Net sales for the year increased 12.3 per cent to $35.1bn, but a 14.4 per cent increase in costs put a strain on the company's overall results.
Margins for the year were down 0.3 percentage points to 18.2 per cent, PepsiCo said.
However, company chief executive officer Indra Nooyi remained optimistic, as all divisions experienced growth in operating profit over the period.
Snack arm FritoLay experienced growth in operating profit of 13 per cent, driven by strong sales and an increase in consumer prices. Trademark brands such as Lay's and Doritos grew in single digits in terms of sales, while the highest revenues came from Chewy Granola bars and rice cakes, the company said.
Sales from PepsiCo beverages North America division were also high, leading to a 16 per cent increase in operating profit.
The company posted growth not only for its tea, juice and juice drink brands, but also for its most renowned trade marks Pepsi, 7-Up and Mountain Dew, the company said.
"Our strong top- and bottom-line results in 2007 once again demonstrated the balance and strength of our global portfolio," said PepsiCo chief executive officer Indra Nooyi. "All of our segments posted solid results for the year."
The other two divisions, PepsiCo International and Quaker Foods North America, did not fare quite so well, posting increases in operating profit of 0.7 per cent and 2.4 per cent respectively.
In terms of regions, Russia, the Middle East, Turkey and India were mentioned as strong for snack sales, while beverages proved popular in China, Brazil and Argentina.
For the fourth quarter, net sales increased 16.8 per cent, but costs were also up 19.8 per cent. Across all divisions, operating profit increased by an 8.9 per cent, the company said.
For 2008, PepsiCo expects three to five per cent growth, Nooyi said, and will begin reporting on six business segments - Frito Lay North America, Quaker Foods North America, Latin America Foods, PepsiCo Americas Beverages, UK and Europe, and the Middle East, Africa and Asia.
"The new organisation is ready to take the best of PepsiCo across our divisions and geographies to generate profitable growth, expand our global footprint and make our commitment to sustainable growth - 'Performance with Purpose' - the driving force behind everything we do," Nooyi said.

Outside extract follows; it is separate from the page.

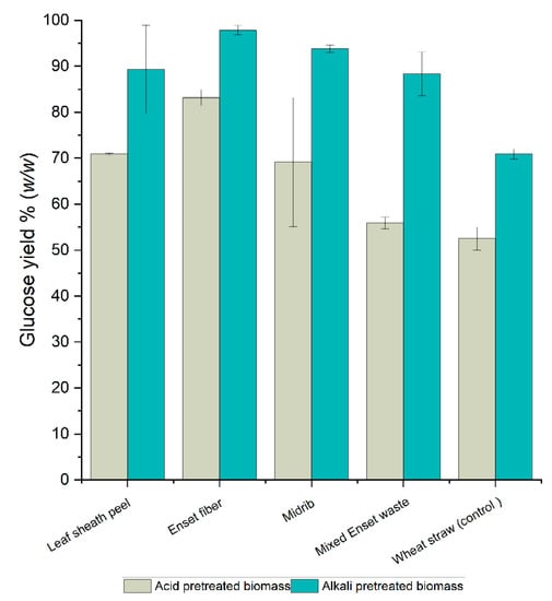 A comparison of the glucose yield for Enset biomass samples pretreated with dilute acid and alkali after 72 h of enzymatic hydrolysis is shown in Figure 4. The percentage of glucose yield was calculated from each pretreated Enset biomass sample. The difference between the acid- and alkali-pretreated Enset fiber and leaf sheath peel yields was less than 20% (w/w). However, in the mixed Enset waste and midrib samples, the alkali-pretreated samples had higher glucose yields by 33% (w/w) and 35% (w/w), respectively, than the acid-pretreated samples. In this study, the alkali pretreatment method released more glucose than the acid method did for all Enset biomass samples; this was due to the compositional differences between each Enset biomass sample. Research has shown that the most effective pretreatment methods vary significantly depending on the type of biomass [66]. The alkali pretreatment method enhances cellulose digestibility, which makes it easier to remove lignin from the biomass than with the acid pretreatment method [68]; several lignocellulosic materials, such as corn stover, switchgrass, and Bermuda grass, have been successfully pretreated in this way [38]. However, the acid pretreatment method is primarily responsible for eliminating hemicellulosic materials from biomass and releasing sugars, such as xylose and arabinose, into the liquid stream [69]. In this study, we observed that between all of the samples, greater monomeric sugars were found in acid-pretreated than in alkali-pretreated liquids (Table S1 in Supplementary Materials), showing that the hemicellulose portion was more strongly solubilized than alkali-pretreated samples. Yet, following the washing process, the monomeric sugars were lost from the acid-pretreated samples. When comparing our findings with those for different biomasses from a previous study under similar alkaline conditions and enzymatic hydrolysis, 44.81 g/L glucose was found in switchgrass [38] and 48.68 g/L glucose in corn cobs [70] after 72 h, values that are comparable to the findings for most Enset biomass samples. This shows that Enset biomass could represent a potential raw material for biobutanol production. However, further investigations should be carried out to optimize the enzymatic hydrolysis process.

Although first established as a beverages company, PepsiCo is now the unchallenged snack leader, controlling a 23 per cent share of the market in Western Europe, followed by Proctor & Gamble with five per cent, and United Biscuits with four per cent.
Furthermore, the company now owns three of the most popular crisp brands in the area - Walkers, Lay's and Doritos, according to information from market analysts Euromonitor.